Below is a block of records: output all of them exactly and leave out the pictures.

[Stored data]
□ □ □ □ □ □ □

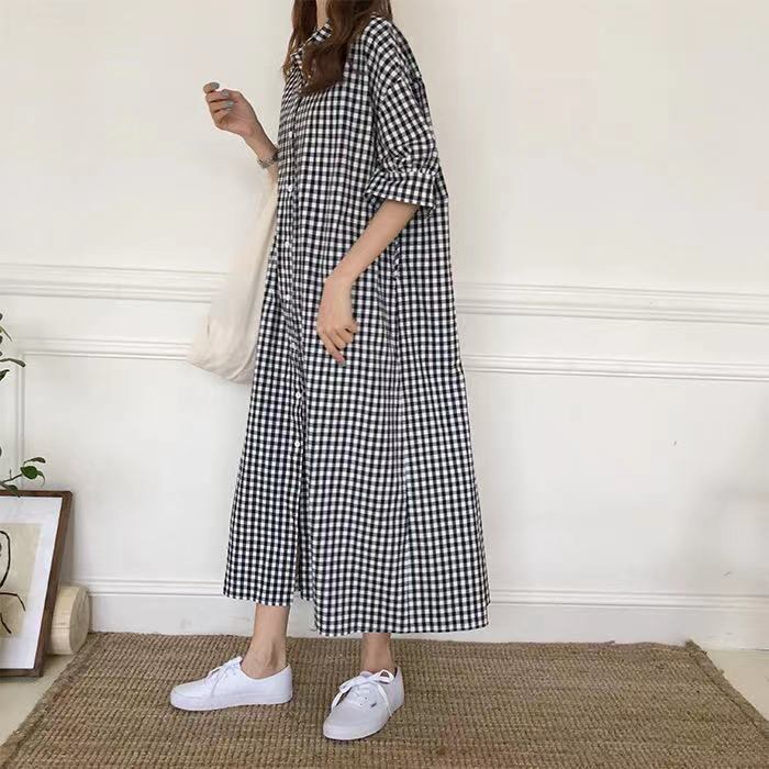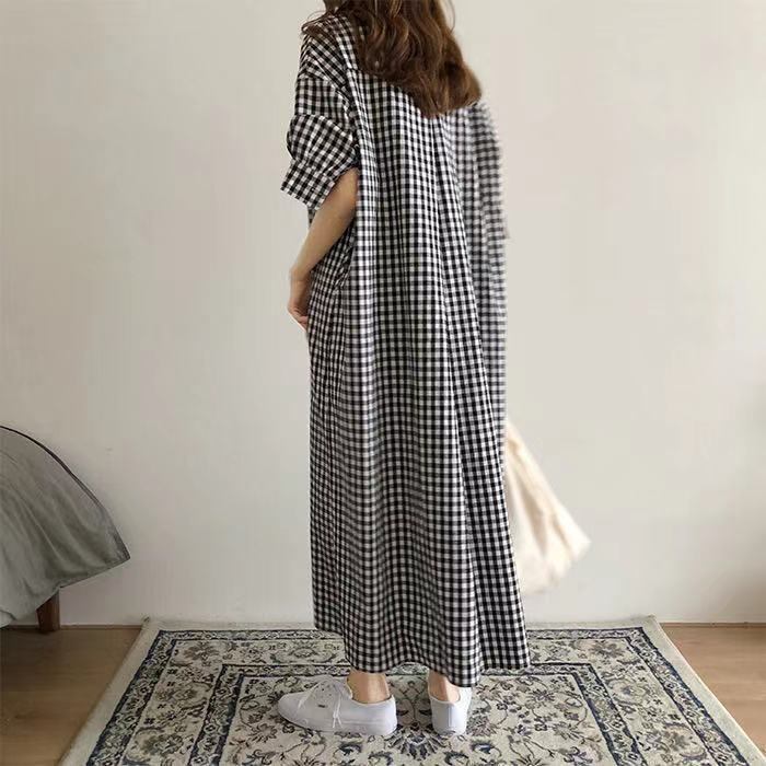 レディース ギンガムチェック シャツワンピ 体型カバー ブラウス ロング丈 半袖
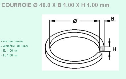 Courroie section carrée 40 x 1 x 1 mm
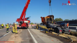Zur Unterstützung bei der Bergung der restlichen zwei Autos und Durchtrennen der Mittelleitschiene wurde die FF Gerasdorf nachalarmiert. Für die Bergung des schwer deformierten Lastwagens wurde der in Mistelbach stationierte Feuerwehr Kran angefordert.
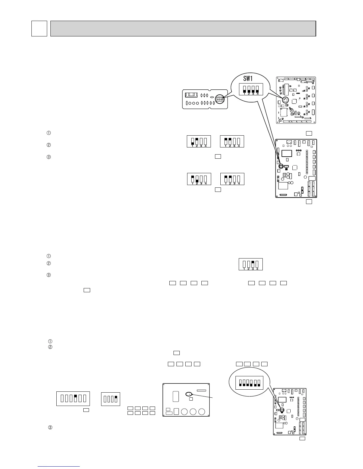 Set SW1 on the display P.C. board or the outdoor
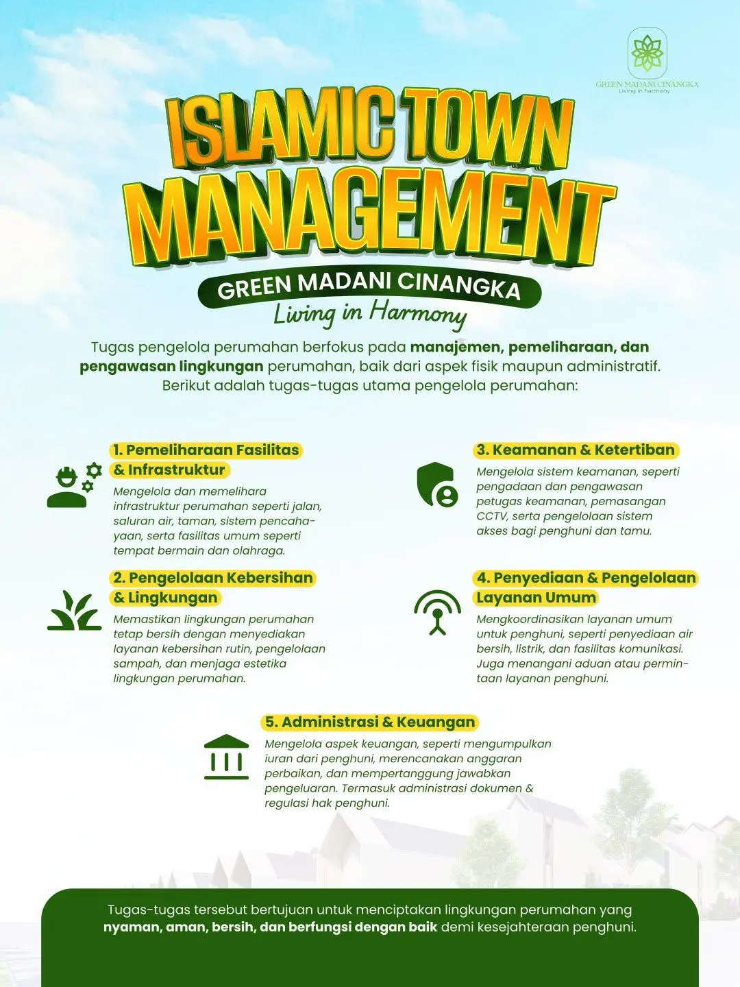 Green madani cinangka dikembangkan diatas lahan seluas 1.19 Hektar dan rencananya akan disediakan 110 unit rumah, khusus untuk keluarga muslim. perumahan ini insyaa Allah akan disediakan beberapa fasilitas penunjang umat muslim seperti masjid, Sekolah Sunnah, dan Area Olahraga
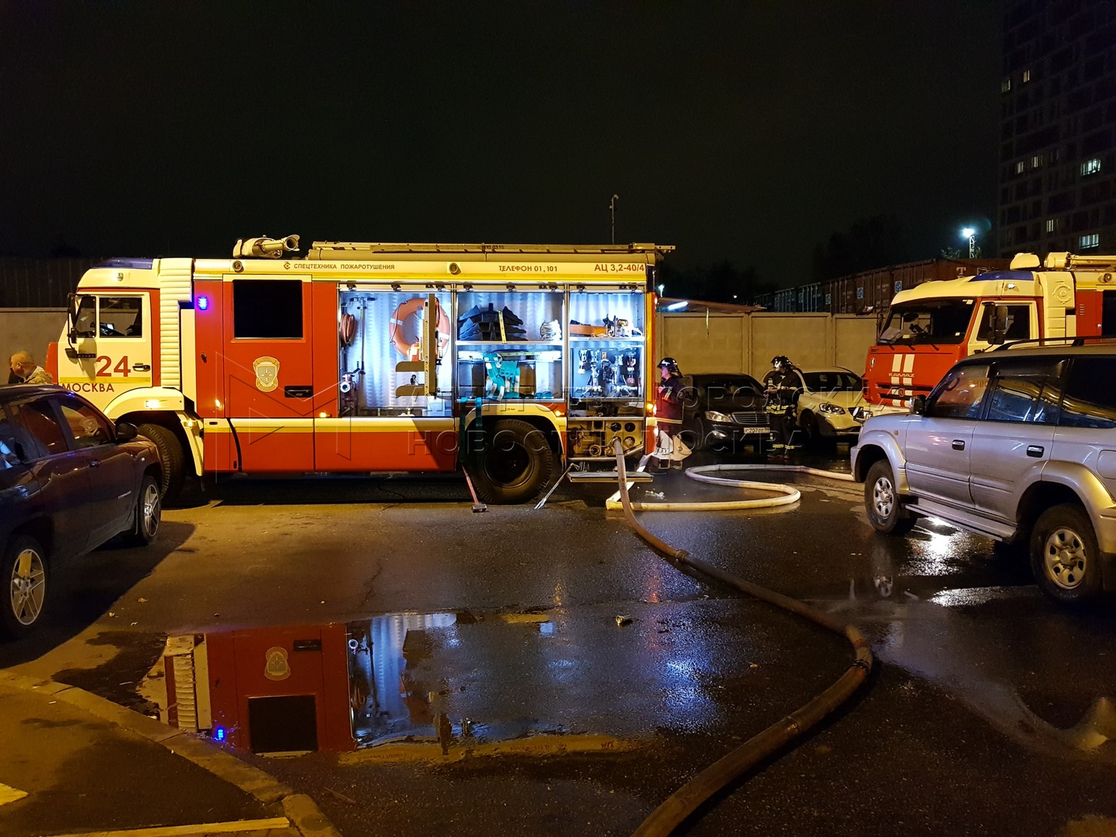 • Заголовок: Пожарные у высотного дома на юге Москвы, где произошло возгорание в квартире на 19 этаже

□ □ □ □ □ □ □

Response to this exercise =
 レディース ギンガムチェック シャツワンピ 体型カバー ブラウス ロング丈 半袖
 Courroie section carrée 40 x 1 x 1 mm
Zur Unterstützung bei der Bergung der restlichen zwei Autos und Durchtrennen der Mittelleitschiene wurde die FF Gerasdorf nachalarmiert. Für die Bergung des schwer deformierten Lastwagens wurde der in Mistelbach stationierte Feuerwehr Kran angefordert.
 Set SW1 on the display P.C. board or the outdoor
 Green madani cinangka dikembangkan diatas lahan seluas 1.19 Hektar dan rencananya akan disediakan 110 unit rumah, khusus untuk keluarga muslim. perumahan ini insyaa Allah akan disediakan beberapa fasilitas penunjang umat muslim seperti masjid, Sekolah Sunnah, dan Area Olahraga
 • Заголовок: Пожарные у высотного дома на юге Москвы, где произошло возгорание в квартире на 19 этаже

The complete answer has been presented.